Les électeurs vont-ils suivre l'alliance ?
Il y a quand même une incertitude sur cette question. On ne sait pas comment les électeurs vont se comporter. A la présidentielle, il y a eu un phénomène de vote utile, mais là ce n'est plus tout à fait la même logique. Il faut voter pour une alliance dont l'orientation politique et les choix sont très marqués par le programme de LFI. Il faudra voir ce que les électeurs qui ne voulaient pas voter initialement pour Jean-Luc Mélenchon ou n'ont pas voté pour lui vont faire. Ce qui est nouveau dans cette élection, ce n'est pas que la gauche s'unisse, mais c'est qu'elle soit dominée par le parti le plus à gauche de tout le bloc.
Justement, les personnes de gauche qui ne sont pas favorables à cette alliance ne risquent-elles pas de s'abstenir ?

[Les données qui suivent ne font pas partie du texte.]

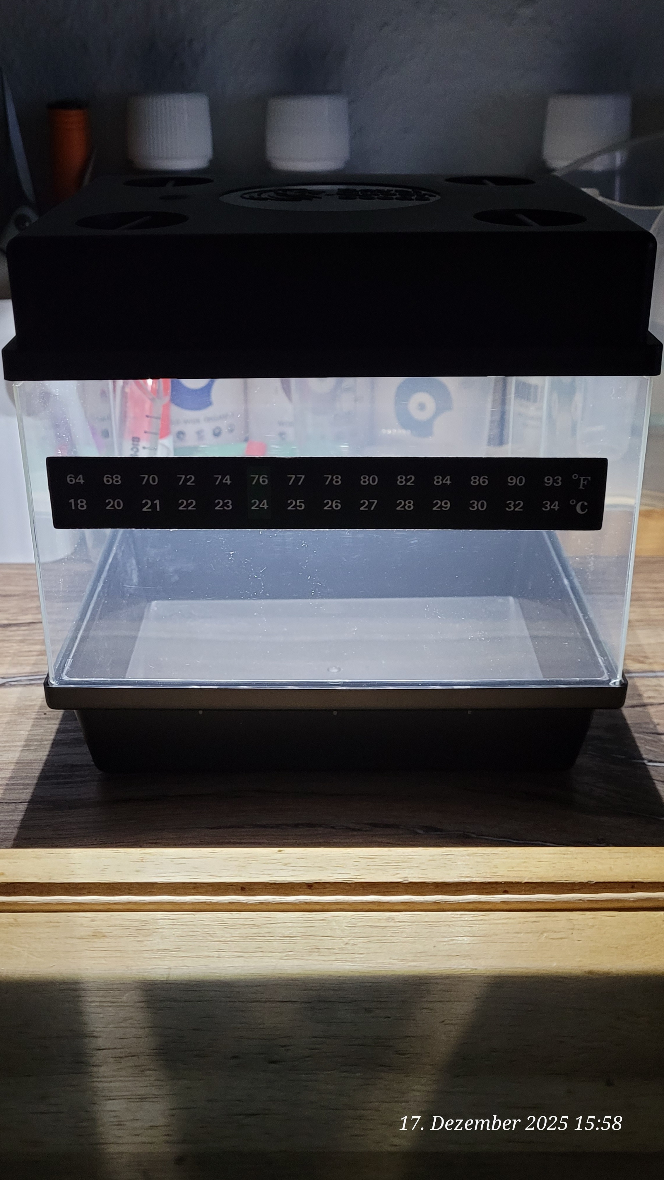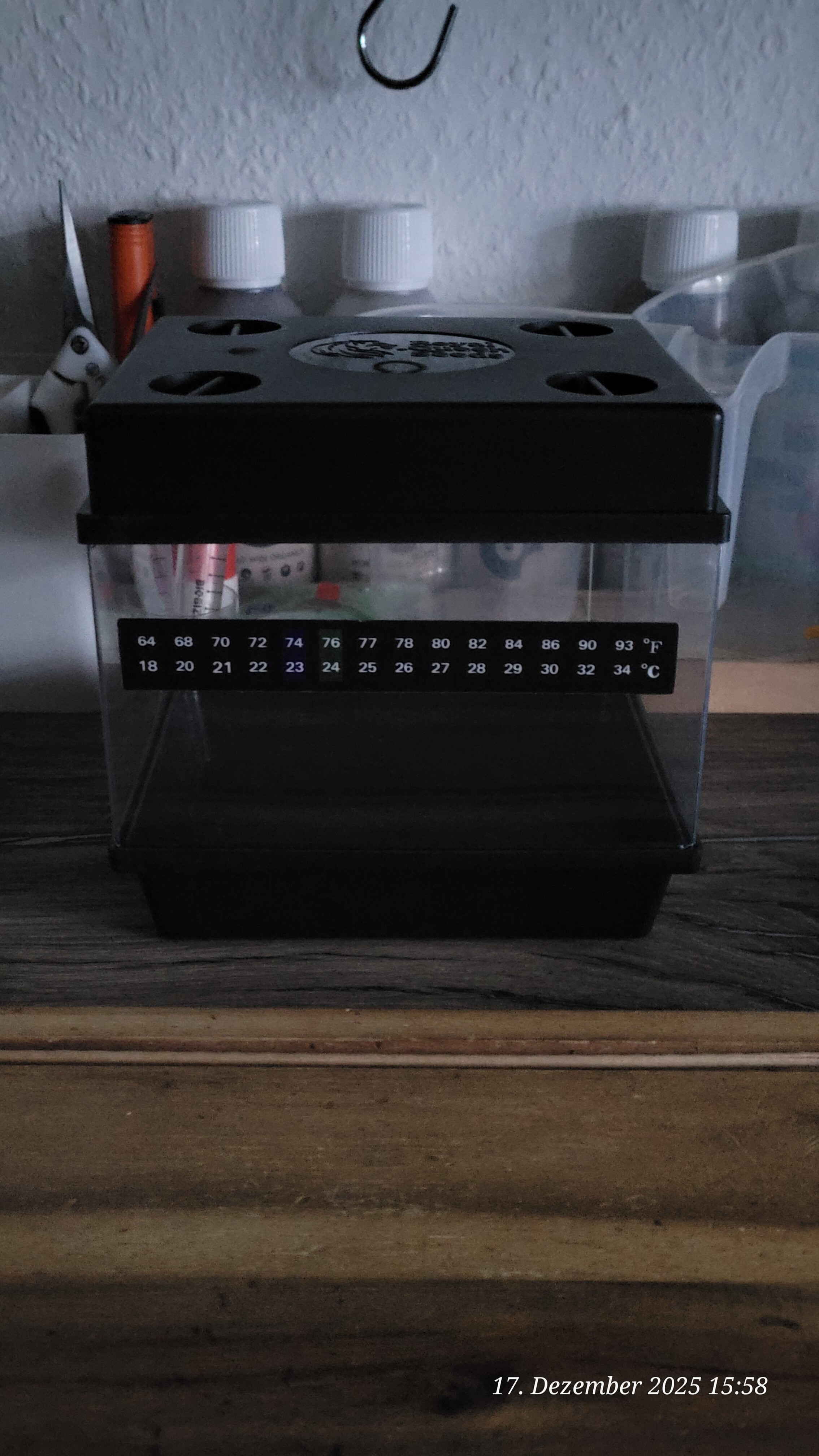 The humidity was already lowered to 71-73% yesterday, tomorrow to 70%, and slowly continuing to fall. The light dimmers were turned up to 25% today, and I aim to reach 30% this week.

Oui c'est un risque. Soit elles trouvent d'autres candidats, avec des dissidents ou des divers gauche, comme il y en a toujours dans les législatives, soit elles décident effectivement de ne pas voter, en considérant que la présidentielle a tranché, que Jean-Luc Mélenchon a été éliminé au premier tour et donc que ça ne les intéresse plus tellement. La question se pose notamment pour les électeurs de Yannick Jadot. Ils sont beaucoup plus modérés que ce que l'on pense. Leur première hésitation lors de la présidentielle, c'était avec Emmanuel Macron, pas avec Jean-Luc Mélenchon. Ce qui peut cependant changer cette donne, c'est la dynamique qui va se créer, si elle va jusqu'à la possibilité d'une victoire.
«Qu'un candidat dissident batte son adversaire de NUPES, ça semble difficile. Mais le score qu’il fera pourra l’éliminer au premier tour»
Est-ce que la constitution de NUPES peut avoir un effet de mobilisation chez les électeurs de droite, qui ne voudraient pas laisser la gauche investir massivement l'Assemblée nationale ?
Oui, c'est probablement un phénomène qui va avoir lieu. Mais la question est de savoir comment ils vont se comporter face à ce bloc et à la menace qu'il leur renvoie. Vont-ils aller vers Emmanuel Macron, qui semble être la protection la plus efficace, ou vont-ils tenter d'avoir une droite forte à l'Assemblée pour contrebalancer ? Ça va être aussi un des enjeux de la campagne : que vont-ils choisir ? L'ancrage des candidats de droite, notamment dans les zones plus rurales, peut aider à conserver plus facilement leur électorat qu'on pourrait le penser.
Cet aspect local des élections législatives, malgré la volonté de Jean-Luc Mélenchon d'en faire un scrutin national, peut-il venir contrecarrer les plans de NUPES ?
Les législatives sont un mix des deux. L'ancrage local est très vrai dans les villes moyennes et les communes rurales, mais beaucoup moins dans les zones de métropoles, où les gens ne connaissent pas leur député et où l’on fait un vote d'étiquette politique, hormis quelques cas. Il faut séparer ces deux France. Donc dans les villes moyennes et les communes rurales, oui ça va peser. Et c'est pour ça que la question des dissidences et des candidatures divers gauche va être très importante. Qu'un candidat dissident batte son adversaire de NUPES, ça semble difficile. Mais le score qu’il fera pourra l’éliminer au premier tour. C'est la même chose à droite, sauf qu'à droite, le paysage est déjà éclaté, donc il n'y aura pas beaucoup d'espace pour des dissidences, car les chances d'être élu, dans le contexte actuel, seront très faibles.
La droite n'a-t-elle aucune chance pour rester le premier opposant ?
Les Républicains, avec l'UDI, ont 120 députés. Or ils risquent d'en perdre. Ils peuvent donc venir mourir sous les 100 députés. Cette barre des 100 députés paraît tout à fait atteignable pour l'alliance de la gauche. Ils ont des bastions de départ assez solides et d'autres qui le deviennent grâce à cette union.